------ SUPPLIED DATA ------
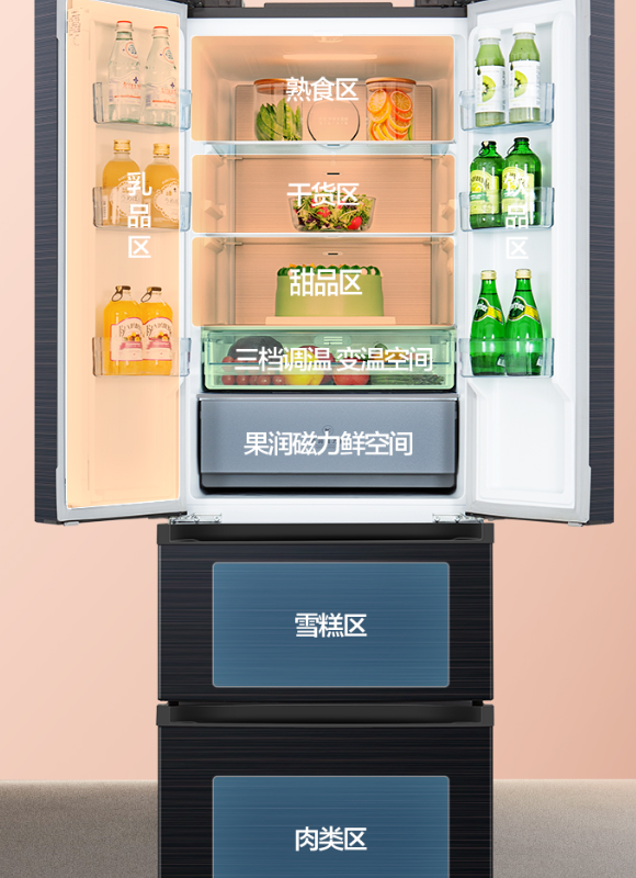 • 美的(Midea)323升 果润维C多门四门对开母婴保鲜冰箱双变频一级风冷无霜智能家用小电冰箱BCD-323WFPZM(E)
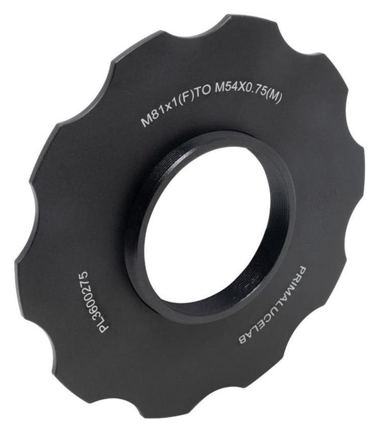 Adapter M81 → M54 (female) z pierścieniem stop dla ESATTO 3" / ARCO 3" (PrimaLuceLab, SKU: PL3600275) umożliwia podłączenie akcesoriów z gwintem zewnętrznym M54 × 0,75 (np. koła filtrowego, przejściówek, kamer) do wyciągu ESATTO 3" lub rotatora ARCO 3", które posiadają frontowy gwint M81 × 1. Zintegrowany pierścień kontrujący (stop-ring) pozwala precyzyjnie ustawić głębokość wkręcenia adaptera i zablokować go w wybranej pozycji, co ułatwia kontrolę back-focusu i orientację przyłączonego urządzenia.
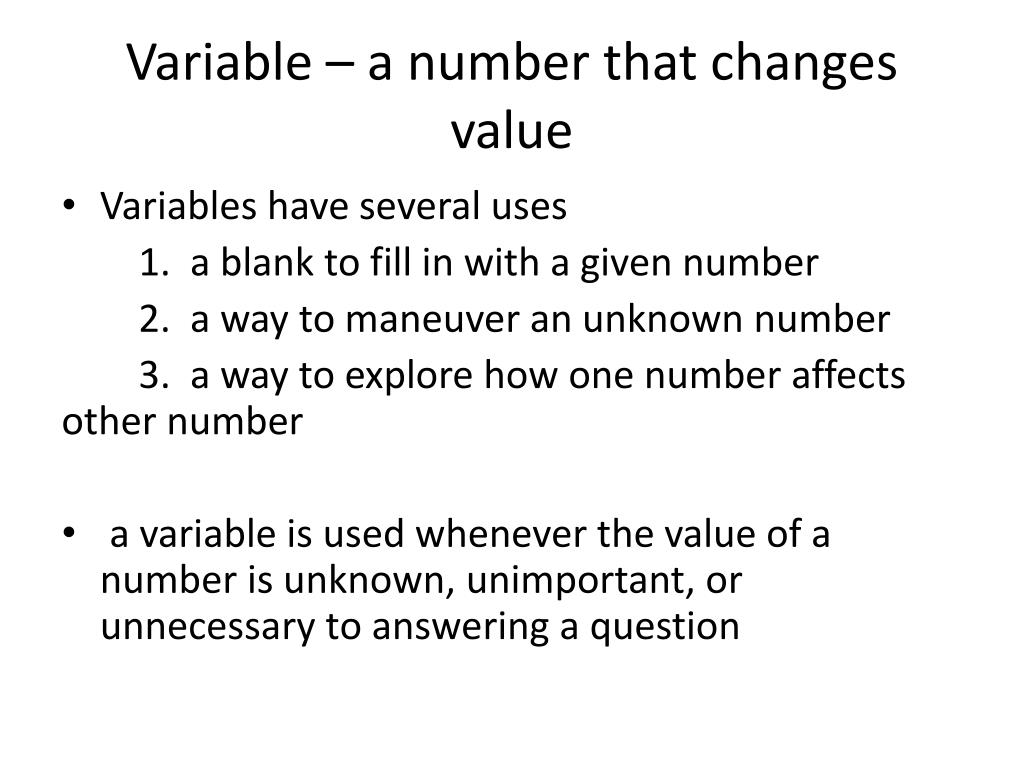 Variable – a number that changes value • Variables have several uses 1. a blank to fill in with a given number 2. a way to maneuver an unknown number 3. a way to explore how one number affects other number • a variable is used whenever the value of a number is unknown, unimportant, or unnecessary to answering a question
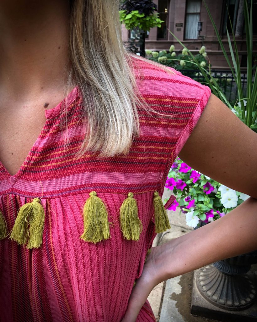 Later in the week, I was headed to my next meeting when I ran into Jordan. I fell in love with her bright pink summery dress. I mean…seriously…I want this look for myself! What is better than pink and green? Throw in some tassels and you’ve really got my attention!
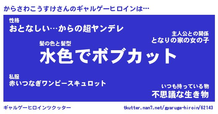 | 女子向けラノベタイトル風あだ名 | 『(仮)からさわこうすけのやんごとなき事情』 |
------
Please give the material above again in full, with no pictures in your version.

 • 美的(Midea)323升 果润维C多门四门对开母婴保鲜冰箱双变频一级风冷无霜智能家用小电冰箱BCD-323WFPZM(E)
 Adapter M81 → M54 (female) z pierścieniem stop dla ESATTO 3" / ARCO 3" (PrimaLuceLab, SKU: PL3600275) umożliwia podłączenie akcesoriów z gwintem zewnętrznym M54 × 0,75 (np. koła filtrowego, przejściówek, kamer) do wyciągu ESATTO 3" lub rotatora ARCO 3", które posiadają frontowy gwint M81 × 1. Zintegrowany pierścień kontrujący (stop-ring) pozwala precyzyjnie ustawić głębokość wkręcenia adaptera i zablokować go w wybranej pozycji, co ułatwia kontrolę back-focusu i orientację przyłączonego urządzenia.
 Variable – a number that changes value • Variables have several uses 1. a blank to fill in with a given number 2. a way to maneuver an unknown number 3. a way to explore how one number affects other number • a variable is used whenever the value of a number is unknown, unimportant, or unnecessary to answering a question
 Later in the week, I was headed to my next meeting when I ran into Jordan. I fell in love with her bright pink summery dress. I mean…seriously…I want this look for myself! What is better than pink and green? Throw in some tassels and you’ve really got my attention!
 | 女子向けラノベタイトル風あだ名 | 『(仮)からさわこうすけのやんごとなき事情』 |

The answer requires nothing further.